Where do baggies come from? All those precious little saddies of Vitamin C, Peruvian marching powder, the devil’s dandruff. Where in the world are they born? Is there some kind of processing plant for these things – a sort of ‘baggie factory’?
Well, yes. As a matter of fact there is. And you might want to be sitting down for this:
This here is mecca; the garden of Eden; the tree of life. This is the nerve centre of every twitching, raving party-goer who’s ever so much as dipped a key. A baggie bot. A veritable robo rack machine.
See all that pow pow sifting down to be compressed into individual bags? They call that a flow through method. It’s how your Smiths chips are packeted. The same industrial method that’s used to put bags of chips into kids’ lunch boxes is being used to put bags of rack into the pockets of greasy-haired accountants everywhere. I think that’s a fun fact.

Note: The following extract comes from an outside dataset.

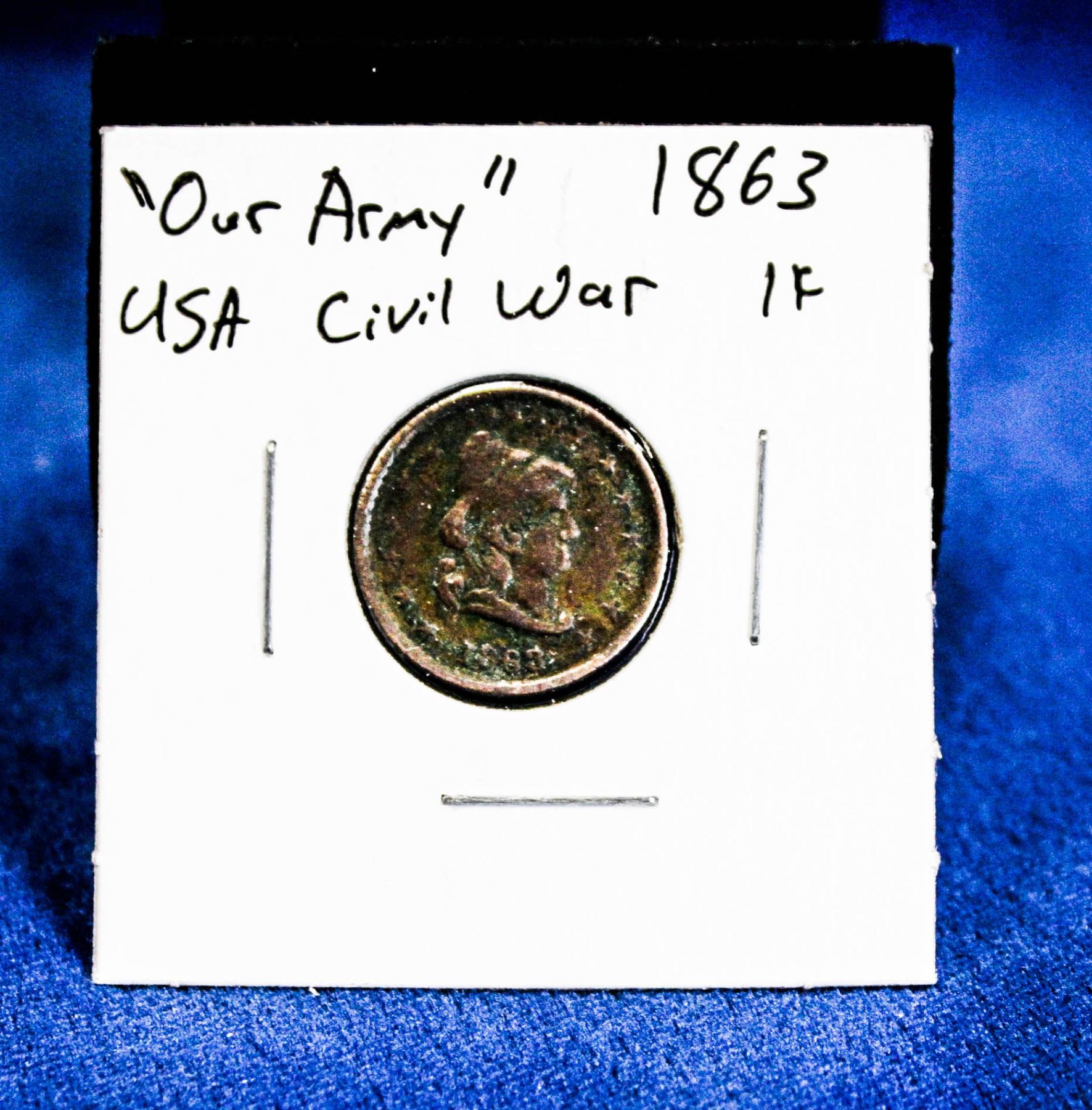 1863 USA CIVIL WAR 1 CENT "OUR ARMY" ISSUE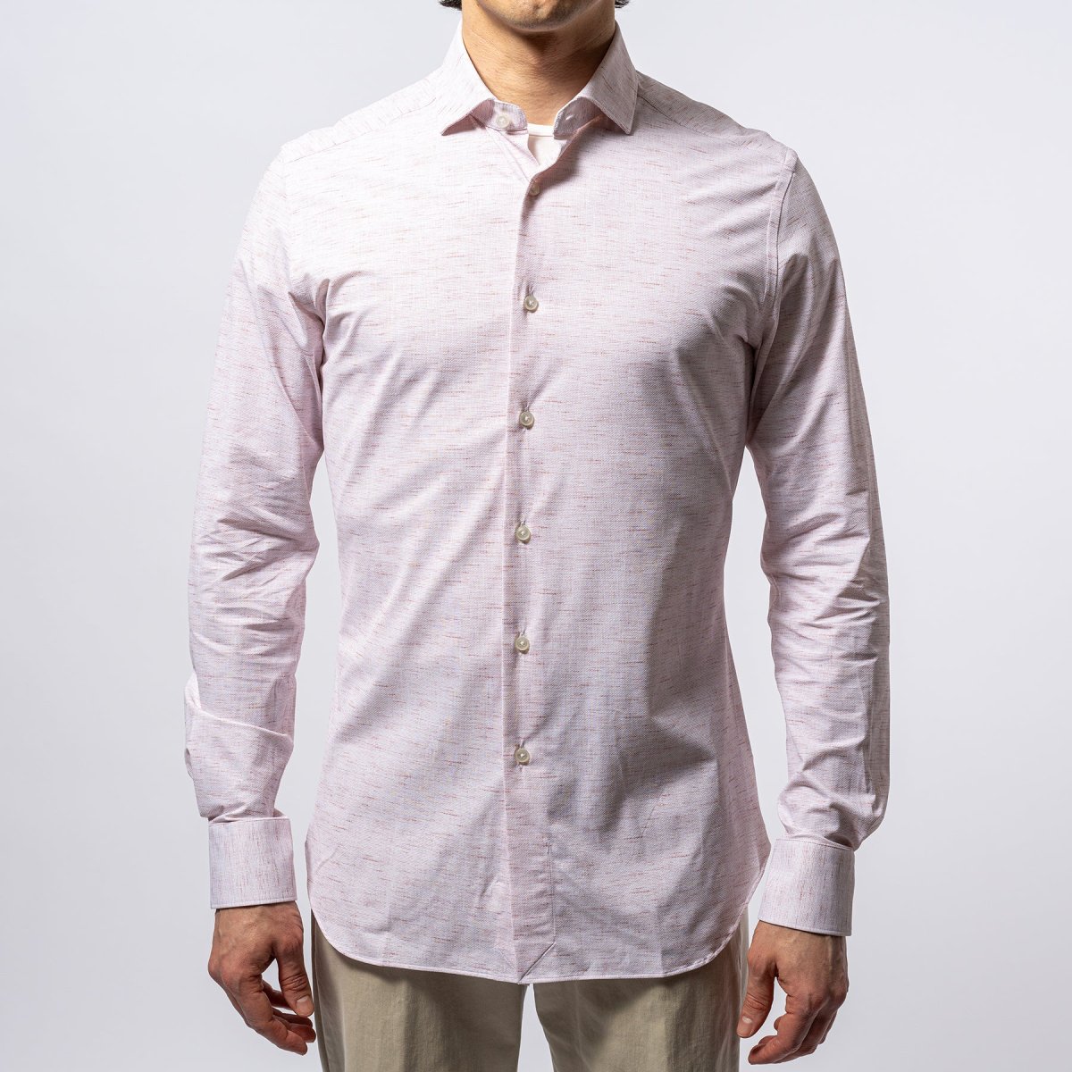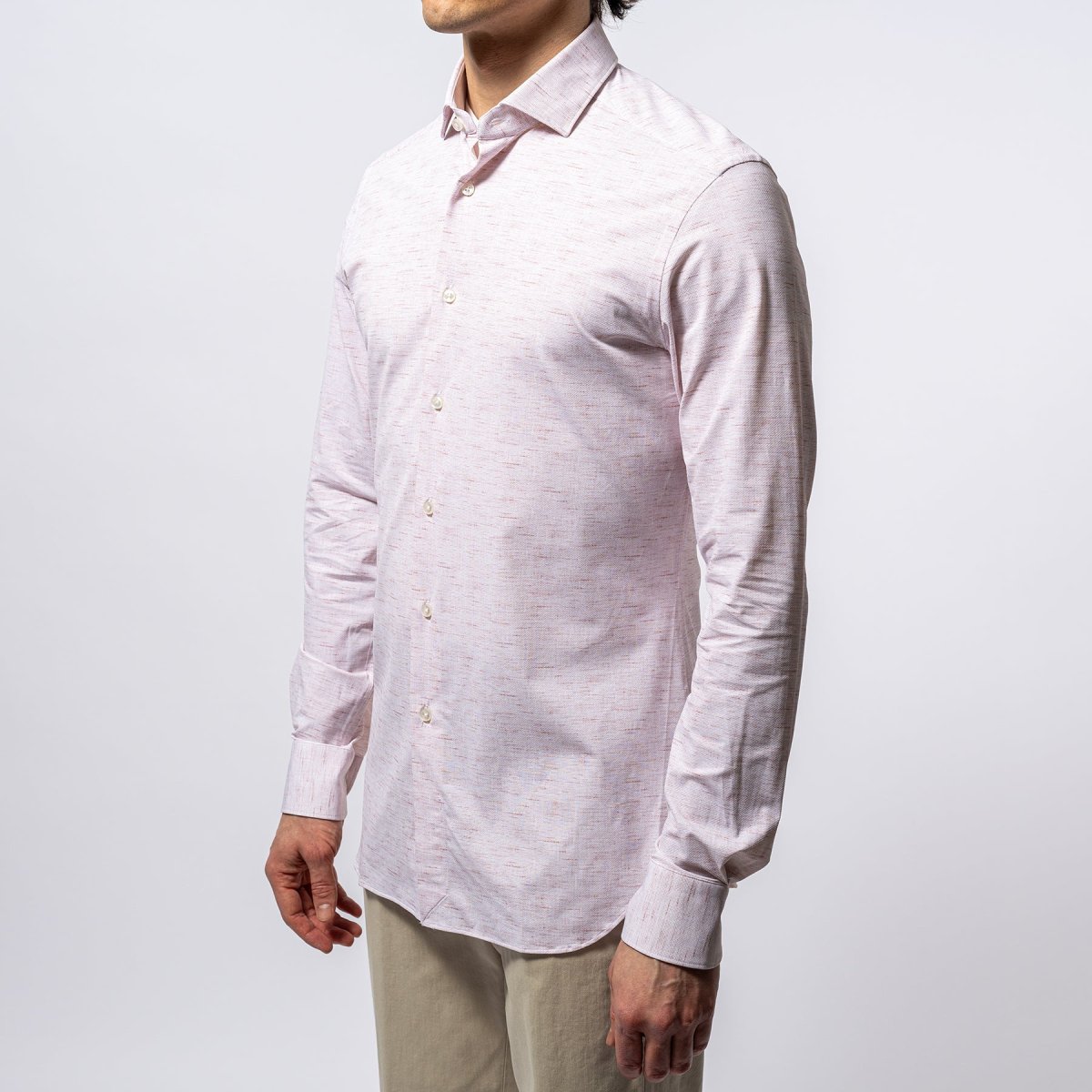 • Skjortan stängs med pärlemoknappar och har en klassisk krage. Skjortan är svagt slimmad i modellen.

Anyway, Brazilian police discovered several of these coke-pressing contraptions after raiding a middle-class home in Sao Paulo earlier this week. They arrested three people and seized more than 10kg of cocaine. Switch on the volume, and you can hear one of the policeman talking in Portuguese:
“Hey Marcão! A baggie factory! It’s 150,000 baggies per day. Each for 10 reais, producing 1.5million reais each day!” he says. “Take a look. It’s madness!”
And it is. Assuming the cop’s got his numbers right, then 10 reais converts to a measly $4 AUD. For a bag. Of coke. Stuff that will set you back some $300 on the Australian market. Selling here for 1.3 percent of that. 4 bucks. The price of a large coffee, or a Hass avocado. For a bag. Of coke.
So tonight, when you’re shelling out $300 for that cute little sachet of nose beers, just think of the 75 bags you could be getting for the exact same price.
And people reckon smashed avo’s the reason we can’t afford a house.